Let us know, that the Apostle does not simply exhort us to imitate Christ, as though he had said that the death of Christ is a pattern which all Christians are to follow; for no doubt he ascends higher, as he announces a doctrine, with which he connects, as it is evident, an exhortation; and his doctrine is this — that the death of Christ is efficacious to destroy and demolish the depravity of our flesh, and his resurrection, to effect the renovation of a better nature, and that by baptism we are admitted into a participation of this grace. This foundation being laid, Christians may very suitably be exhorted to strive to respond to their calling. Farther, it is not to the point to say, that this power is not apparent in all the baptized; for Paul, according to his usual manner, where he speaks of the faithful, connects the reality and the effect with the outward sign; for we know that whatever the Lord offers by the visible symbol is confirmed and ratified by their faith. In short, he teaches what is the real character of baptism when rightly received. So he testifies to the Galatians, that all who have been baptized into Christ, have put on Christ.

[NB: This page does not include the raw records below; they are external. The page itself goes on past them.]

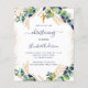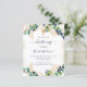 On the front: A white background decorated with eucalyptus greenery and golden leaves and faux gold glitter sparkles. A golden cross. Personalize and the child's name and ceremony details.
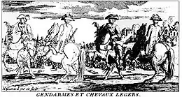 La gendarmerie est l'héritière des unités de gens d'armes, c'est-à-dire des cavaliers en armures des armées des XVe et XVIe siècles. Ces cavaliers étaient alors rassemblés dans des compagnies d'ordonnance créées le [1] et se distinguaient du reste de la cavalerie, dite par extension « cavalerie légère ». Dans les compagnies d'ordonnance étaient mêlés des gendarmes et des archers, cavaliers légers chargés de les seconder. Au fur et à mesure du XVIIe siècle, la différence pratique entre cavalerie lourde et légère disparut. Néanmoins, ils restaient distincts dans leur organisation. La première ordonnance concernant la gendarmerie de France date de 1665.
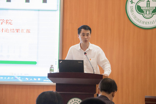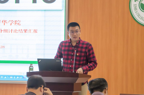 会计学院常务副院长林源代表经管组进行汇报。经管组主要讨论了教师待遇、校园建设、后勤保障、学校定位和特色问题,希望学校加强激励机制,提高教师薪酬待遇;加大对图书馆、体育馆、宿舍建设等的投入力度;分别建设教学科研两个激励体系,健全更加合乎民办高校发展、更加灵活的制度。
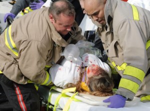 SCENARIO: Serious MVC involving two cars and multiple victims. All passengers were wearing seatbelts, and airbags deployed, but the crash was serious enough that victims are still severely injured.

Thus indeed must we speak, as long as the institution of the Lord and the faith of the godly unite together; for we never have naked and empty symbols, except when our ingratitude and wickedness hinder the working of divine beneficence.

Calvin on Colossians 2:12

I know, I’m really bad at staying gone, but this just couldn’t wait:

When he says that we are buried with Christ, this means more than that we are crucified with him; for burial expresses a continued process of mortification. When he says, that this is done through means of baptism, as he says also in Romans 6:4, he speaks in his usual manner, ascribing efficacy to the sacrament, that it may not fruitlessly signify what does not exist. By baptism, therefore, we are buried with Christ, because Christ does at the same time accomplish efficaciously that mortification, which he there represents, that the reality may be conjoined with the sign.